DIRECTIONS ▸
Ignoring every picture, transcribe the data in full as it stands.
......
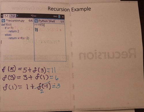 Here are two pictures of the recursion notes page designed to capture our important learnings about recursion. This notes page uses a program f(x) that is different than the one we studied previously in this blog post.
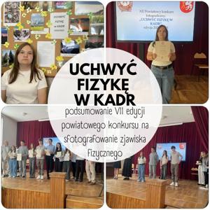 5 czerwca 2025 roku w I Liceum Ogólnokształcącym w Tomaszowie Lubelskim odbyło się podsumowanie VII edycji powiatowego konkursu na sfotografowanie zjawiska fizycznego „Uchwyć fizykę w kadr”. Do konkursu swoje prace zgłosiło 129 uczniów z 16 szkół podstawowych z całego powiatu. Uczestnicy nadesłali nietuzinkowe, wyjątkowe, ciekawe, autorskie zdjęcia zjawisk fizycznych. W konkursie wzięło udział sześcioro uczniów klasy VIII z naszej szkoły. Wyróżnienie za zdjęcie „Zorza polarna” uzyskała Anita Bucior. Gratulujemy, a wszystkim uczestnikom dziękujemy za wnikliwe obserwacje przyrody i uwiecznianie zauważonych zjawisk na zdjęciach.
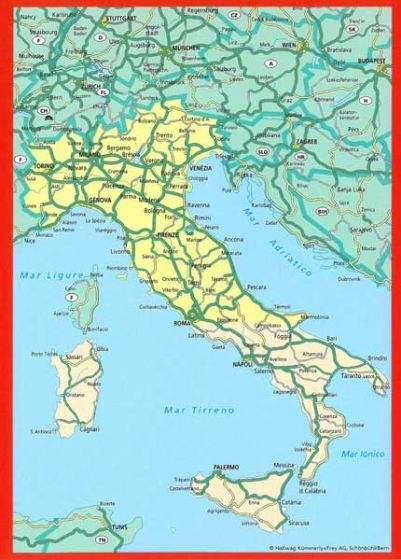 The Italy North map by Hallway is a detailed map of Italy from Rome up to Southern Switzerland / Austria at a scale of 1: 650,000.
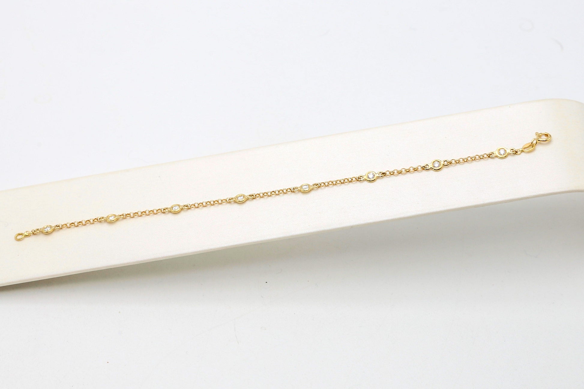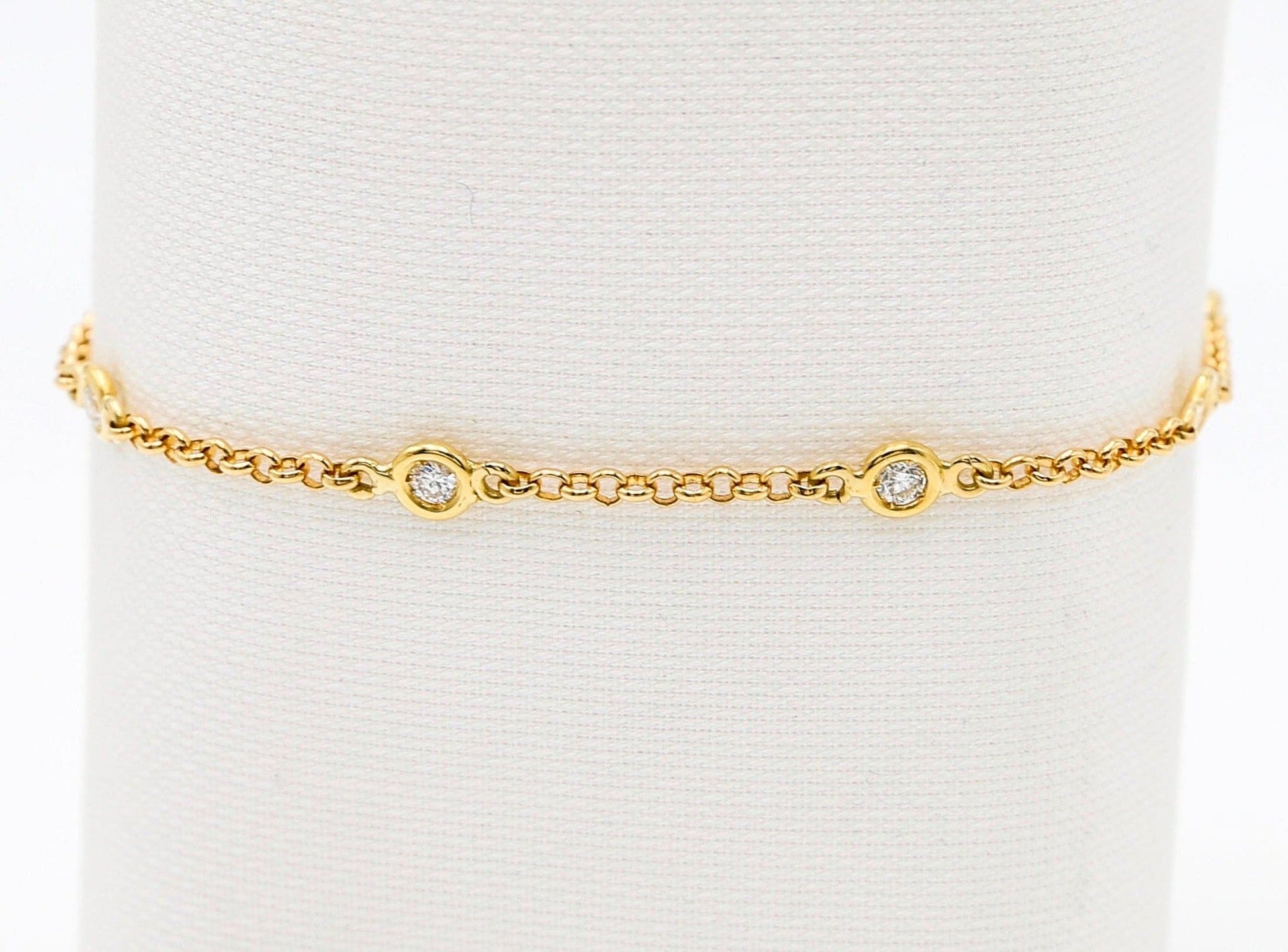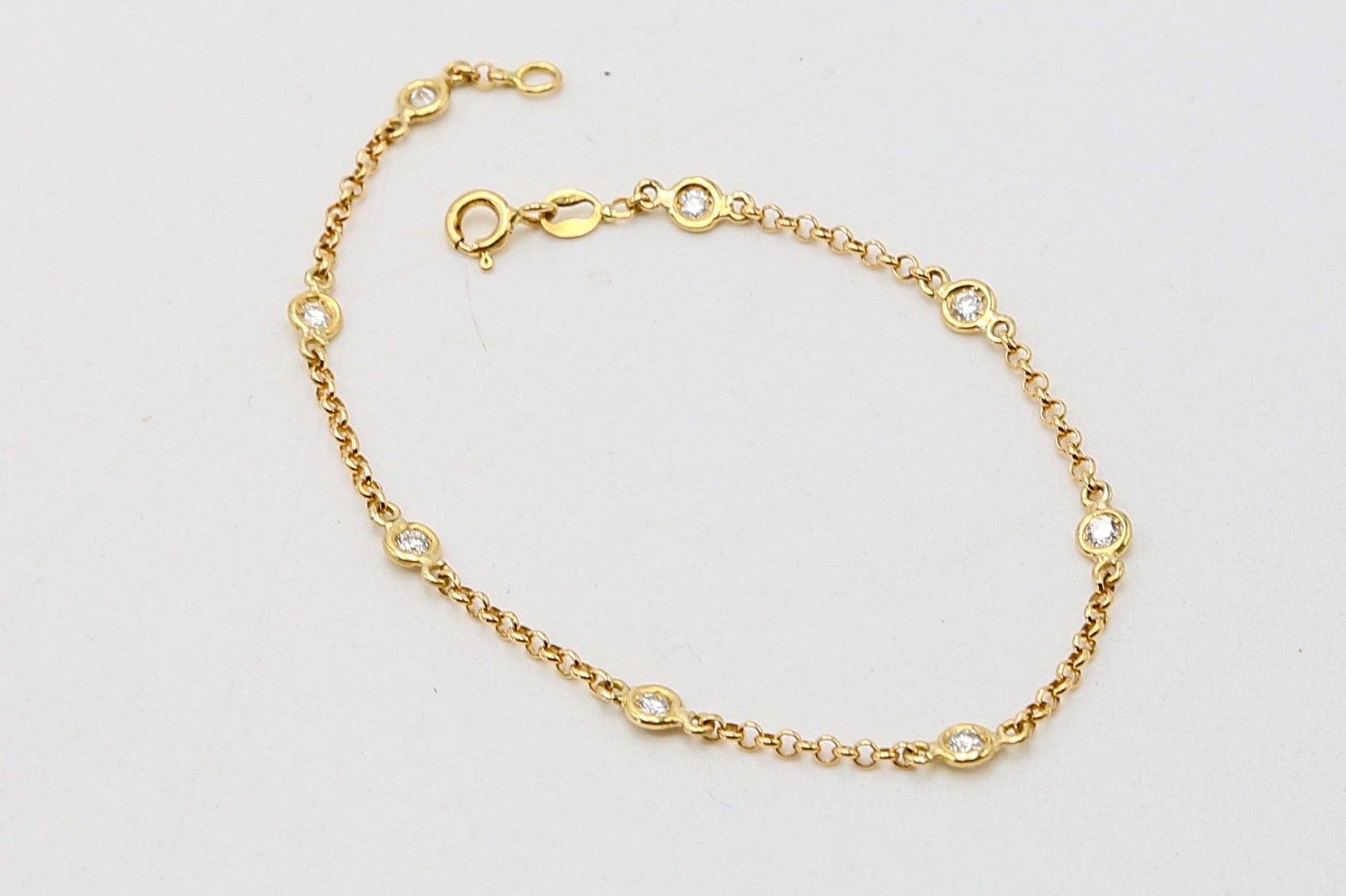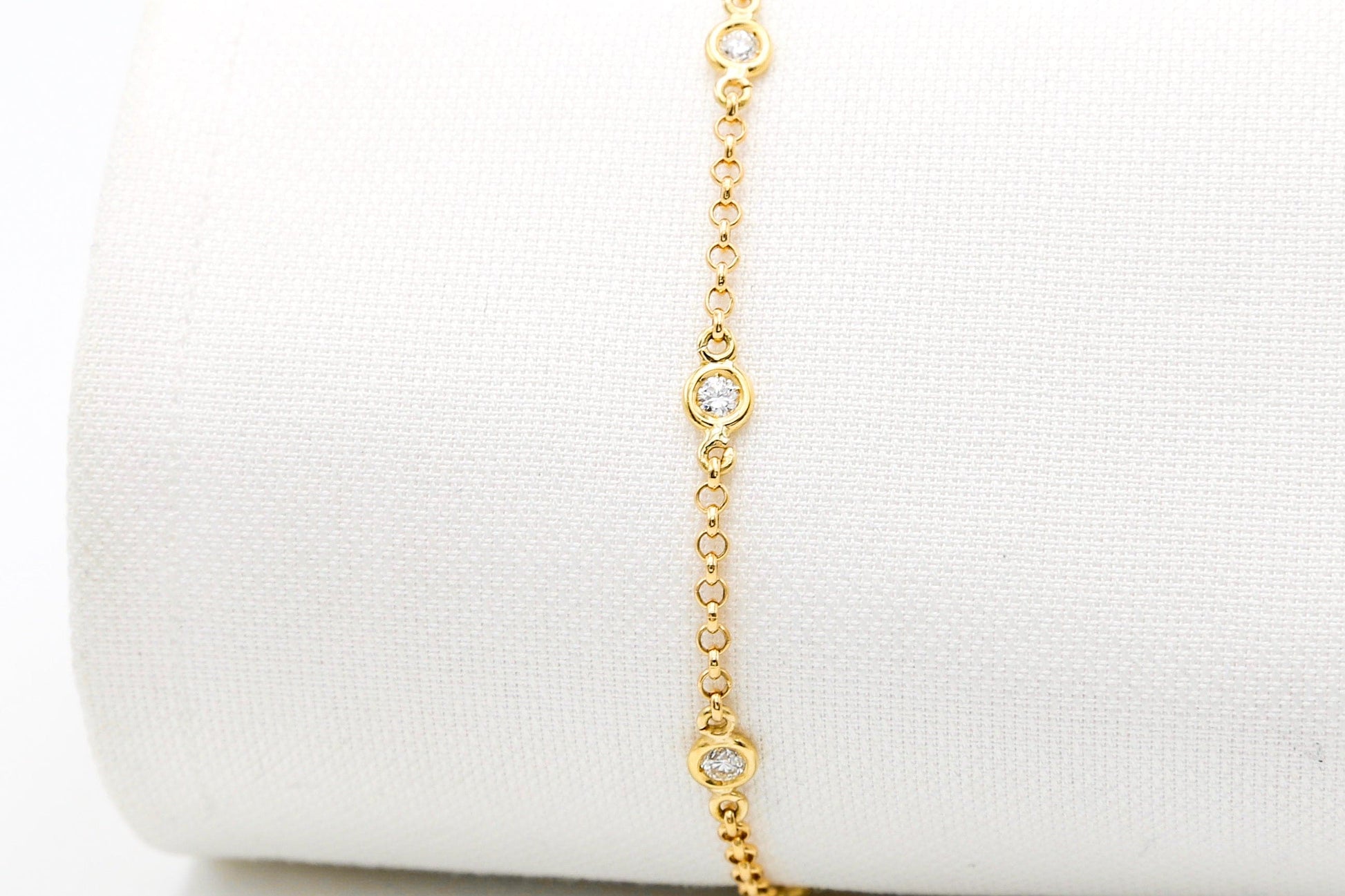 Delizioso bracciale modello "tiffany" in oro giallo 18 carati con diamanti naturali taglio brillante incastonati.
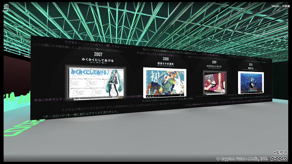 「初音ミク」誕生16周年を記念したオンライン展示会「MIKU 16th Virtual Exhibition」が8月1日より開催。イラストコンテスト応募作品などを展示
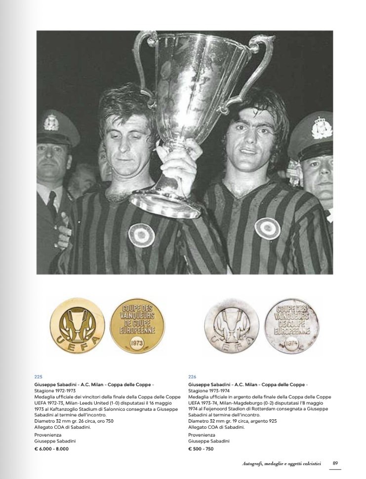 Perché bisognerebbe partecipare a questa asta? “Perché in primis stiamo parlando di oggetti o certificati o di provenienza certa, quindi questo è già di per sé una garanzia”, ci risponde Armandi, “Poi perché si possono trovare delle autentiche particolarità e rarità come la maglia della Nazionale brasiliana indossata da Pelè nel 1971, le 35 medaglie vinte dall’ex calciatore rossonero Giuseppe Sabadini, tra cui la medaglia d’oro per i vincitori della Coppa delle Coppe del 1973. Inoltre sono presenti anche le collezioni di maglie degli ex calciatori Christian Riganò, Vittorio Pusceddu e soprattutto Antonio Valentin Angelillo, tra cui la inedita maglia indossata con la rappresentativa “Milan-Inter” in occasione dell’amichevole contro il Chelsea, disputata a San Siro il 13 ottobre 1965. E se non bastasse ci sono anche la maglia della finale di Coppa dei Campioni ’83-’84, Liverpool-Roma di Gary Gillespie, la maglia della Dinamo Kiev di Oleh Blochin della finale di Coppa delle Coppe stagione ‘74-’75, la maglia della Juventus indossata da Luciano Spinosi in occasione del ritorno della finale di Coppa delle Fiere contro il Leeds Utd disputata a Leeds il 3 giugno 1971 e scambiata a fine partita con l’avversario Mick Jones“.
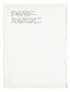 BRASSENS (Georges) — Manuscrit autographe pour la chanson Jean rentre au village. — 1 p. et 2 quatrains sur 2 ff. in-4 collés ensemble.
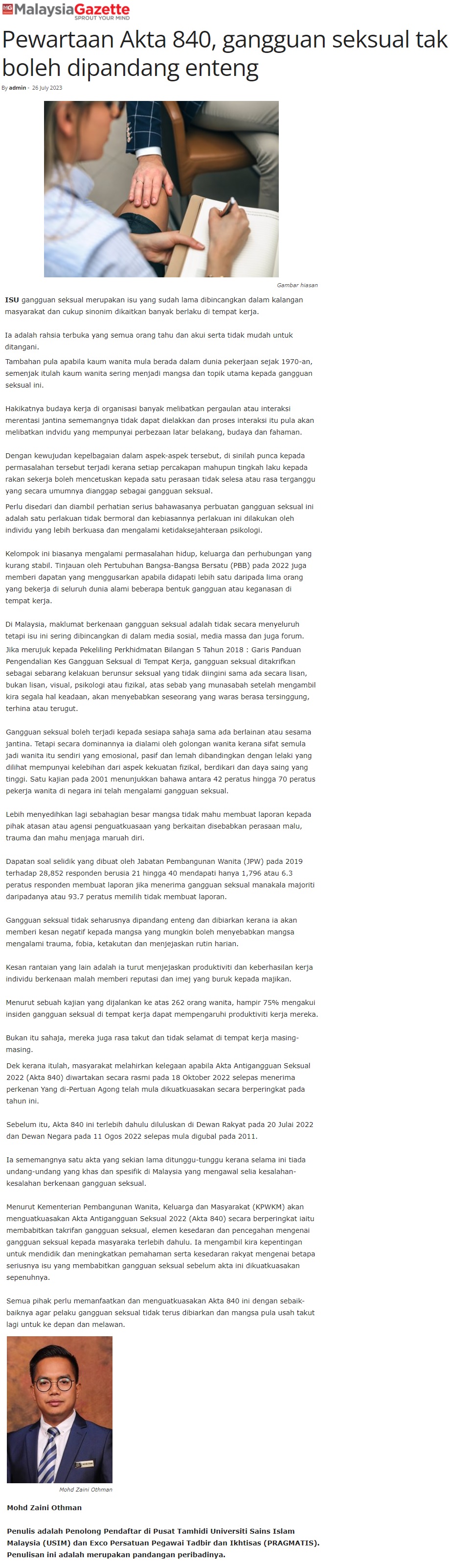 Pewartaan akta 840, ganggual seksual tak boleh dipandang enteng
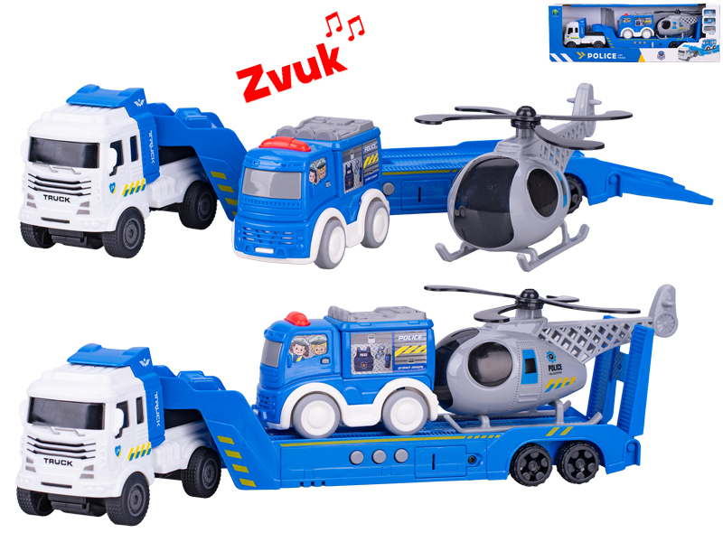 Auto nákladní 30cm na setrvačník na baterie se zvukem + vozidla policie 2ks v krabičce
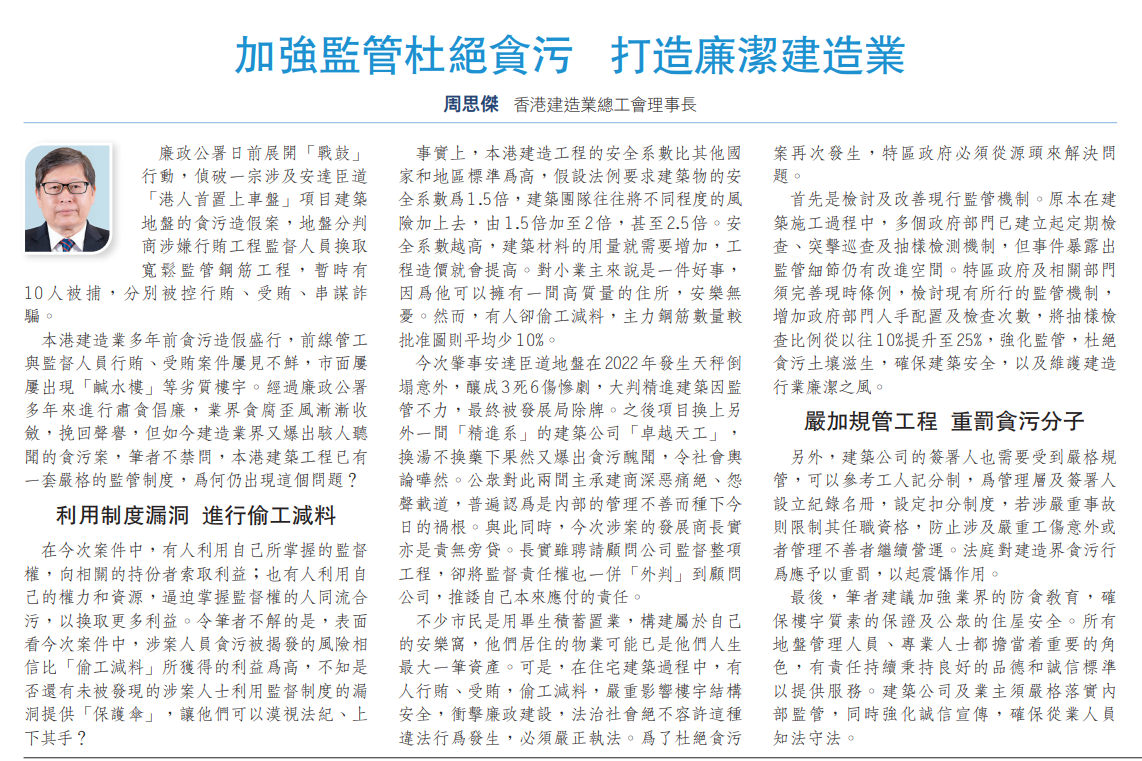 最后,笔者建议加强业界的防贪教育,确保楼宇质素的保证及公众的住屋安全。所有地盘管理人员、专业人士都担当着重要的角色,有责任持续秉持良好的品德和诚信标准以提供服务。建筑公司及业主须严格落实内部监管,同时强化诚信宣传,确保从业人员知法守法。
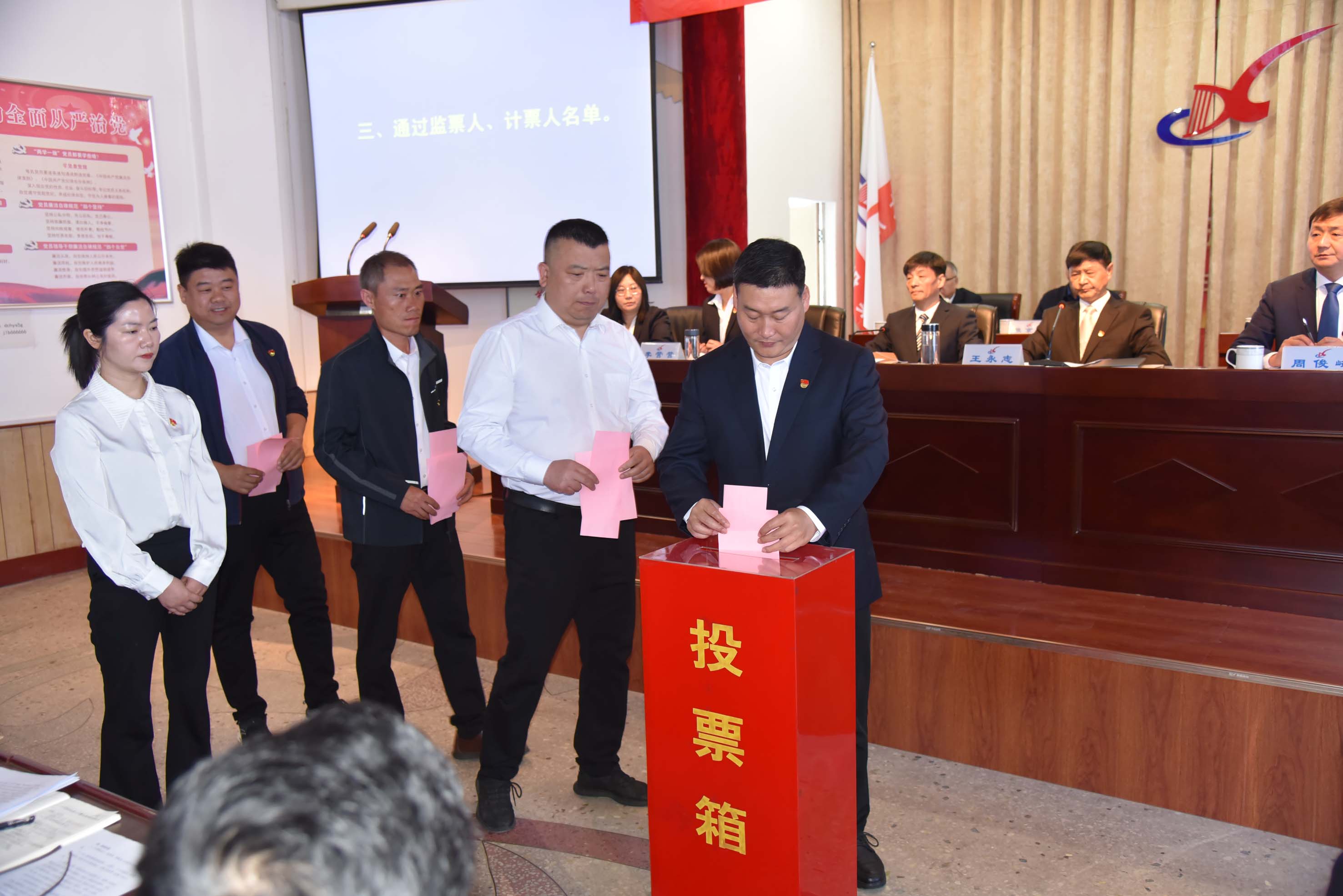大会严格按照《中国共产党章程》《中国共产党基层组织选举工作条例》等相关规定和程序,以无记名投票、差额选举的方式,选举产生了周俊峰、刘金鹏、李智新、李营营、张志娜、王秉权、冯广君为新一届党委委员;张京卫、鲁炎亮为纪检委员。新一届党委召开了第一次全体会议,选举周俊峰为党委书记、刘金鹏为党委副书记、张志娜为纪检书记。按照组织原则,会后,党委将换届选举的结果以正式文件的形式报告上级党组织批复。
......
OUTPUT FOR THIS EXERCISE ▸
 Here are two pictures of the recursion notes page designed to capture our important learnings about recursion. This notes page uses a program f(x) that is different than the one we studied previously in this blog post.
 5 czerwca 2025 roku w I Liceum Ogólnokształcącym w Tomaszowie Lubelskim odbyło się podsumowanie VII edycji powiatowego konkursu na sfotografowanie zjawiska fizycznego „Uchwyć fizykę w kadr”. Do konkursu swoje prace zgłosiło 129 uczniów z 16 szkół podstawowych z całego powiatu. Uczestnicy nadesłali nietuzinkowe, wyjątkowe, ciekawe, autorskie zdjęcia zjawisk fizycznych. W konkursie wzięło udział sześcioro uczniów klasy VIII z naszej szkoły. Wyróżnienie za zdjęcie „Zorza polarna” uzyskała Anita Bucior. Gratulujemy, a wszystkim uczestnikom dziękujemy za wnikliwe obserwacje przyrody i uwiecznianie zauważonych zjawisk na zdjęciach.
 The Italy North map by Hallway is a detailed map of Italy from Rome up to Southern Switzerland / Austria at a scale of 1: 650,000.
 Delizioso bracciale modello "tiffany" in oro giallo 18 carati con diamanti naturali taglio brillante incastonati.
 「初音ミク」誕生16周年を記念したオンライン展示会「MIKU 16th Virtual Exhibition」が8月1日より開催。イラストコンテスト応募作品などを展示
 Perché bisognerebbe partecipare a questa asta? “Perché in primis stiamo parlando di oggetti o certificati o di provenienza certa, quindi questo è già di per sé una garanzia”, ci risponde Armandi, “Poi perché si possono trovare delle autentiche particolarità e rarità come la maglia della Nazionale brasiliana indossata da Pelè nel 1971, le 35 medaglie vinte dall’ex calciatore rossonero Giuseppe Sabadini, tra cui la medaglia d’oro per i vincitori della Coppa delle Coppe del 1973. Inoltre sono presenti anche le collezioni di maglie degli ex calciatori Christian Riganò, Vittorio Pusceddu e soprattutto Antonio Valentin Angelillo, tra cui la inedita maglia indossata con la rappresentativa “Milan-Inter” in occasione dell’amichevole contro il Chelsea, disputata a San Siro il 13 ottobre 1965. E se non bastasse ci sono anche la maglia della finale di Coppa dei Campioni ’83-’84, Liverpool-Roma di Gary Gillespie, la maglia della Dinamo Kiev di Oleh Blochin della finale di Coppa delle Coppe stagione ‘74-’75, la maglia della Juventus indossata da Luciano Spinosi in occasione del ritorno della finale di Coppa delle Fiere contro il Leeds Utd disputata a Leeds il 3 giugno 1971 e scambiata a fine partita con l’avversario Mick Jones“.
 BRASSENS (Georges) — Manuscrit autographe pour la chanson Jean rentre au village. — 1 p. et 2 quatrains sur 2 ff. in-4 collés ensemble.
 Pewartaan akta 840, ganggual seksual tak boleh dipandang enteng
 Auto nákladní 30cm na setrvačník na baterie se zvukem + vozidla policie 2ks v krabičce
 最后,笔者建议加强业界的防贪教育,确保楼宇质素的保证及公众的住屋安全。所有地盘管理人员、专业人士都担当着重要的角色,有责任持续秉持良好的品德和诚信标准以提供服务。建筑公司及业主须严格落实内部监管,同时强化诚信宣传,确保从业人员知法守法。
大会严格按照《中国共产党章程》《中国共产党基层组织选举工作条例》等相关规定和程序,以无记名投票、差额选举的方式,选举产生了周俊峰、刘金鹏、李智新、李营营、张志娜、王秉权、冯广君为新一届党委委员;张京卫、鲁炎亮为纪检委员。新一届党委召开了第一次全体会议,选举周俊峰为党委书记、刘金鹏为党委副书记、张志娜为纪检书记。按照组织原则,会后,党委将换届选举的结果以正式文件的形式报告上级党组织批复。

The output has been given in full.